On my way home from work tonight, I passed by some really bad Christmas displays in various yards around town. Inflatable lighted Santas and snowmen seem to be all the rage this holiday season.

One thing that I've noted over the years (but for which I have absolutely no empirical evidence): holiday decorations seem to track the national mood. I first recognized this phenomena when my wife and I moved into our current house. In 1985, Ronald Reagan was President and was finishing up the initial year of his second term. His big business powerbase had been consolidated in his second campaign, and they were being aptly rewarded. Workplace attitudes had decidedly swung to the oligarchs from the workers -- the saltmines were open for business again. "Do more with less" was the mantra, Michael Hammer was the Harvard Business School guru of the moment, and "kaizen" was the buzzword of the corporate day. The screws had just begun to turn on America's workforce.

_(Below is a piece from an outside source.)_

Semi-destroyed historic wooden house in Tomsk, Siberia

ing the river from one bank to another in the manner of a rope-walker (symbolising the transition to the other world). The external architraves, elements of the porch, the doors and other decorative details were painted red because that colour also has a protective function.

Anyway, my wife and I noticed that the township had no real holiday display, there was no lighting on the main street, many, many houses weren't decorated at all, and it was a generally un-holiday atmosphere driving down the street.

In the 90's, as we shook off crypt keeper Reagan and embraced an attitude of "don't stop thinking about tomorrow" during the first Clinton term, the lights were emerging in my town. The streets were decorated. Houses started sporting rather tasteful displays of lights and holiday cheer.

During the Christmas season in 2000, it was apparent that something odd was happening. The owners of one of the most highly decorated homes in town scaled back their annual display. The township decorating contest wasn't held that year. And in various yards, plastic lighted nutcracker soldiers started sprouting in the yards of homes that had previously been more subdued in the trimmings of the season.

Over the past couple of years, the quality and quantity of displays has decreased dramatically. The lighted angels hanging from the township streetlights are missing bulbs, and in some cases are hanging askew on their street poles. Tasteful window candles and white icicle lights have been displaced by blowup grinches, $9.99 white wire reindeer, or tremendously overdone blinking (and sounding) multi-colored gaucheness.

In other words, tacky.

And as I drove down the street, it dawned on me that "tacky" really fits the current national mood like a glove. We're being governed by an administration loaded with (the political equivalent of) backwoods hillbillies engaged in Hatfield / McCoy-style vendettas, snakeoil salesmen, and tent revival ministers. So maybe it naturally follows that the most decorated season of the year, in 2004, reflects the Mayberry-ization of America.

As an example of this profoundly disturbing trend toward animated neon elves, I offer uglychristmaslights.com - a compendium of tack decorating from around the country. I'm sure that each of us can identify a little bit of our own hometowns in the pictures shown on the site.

Where's Martha Stewart when we need her most?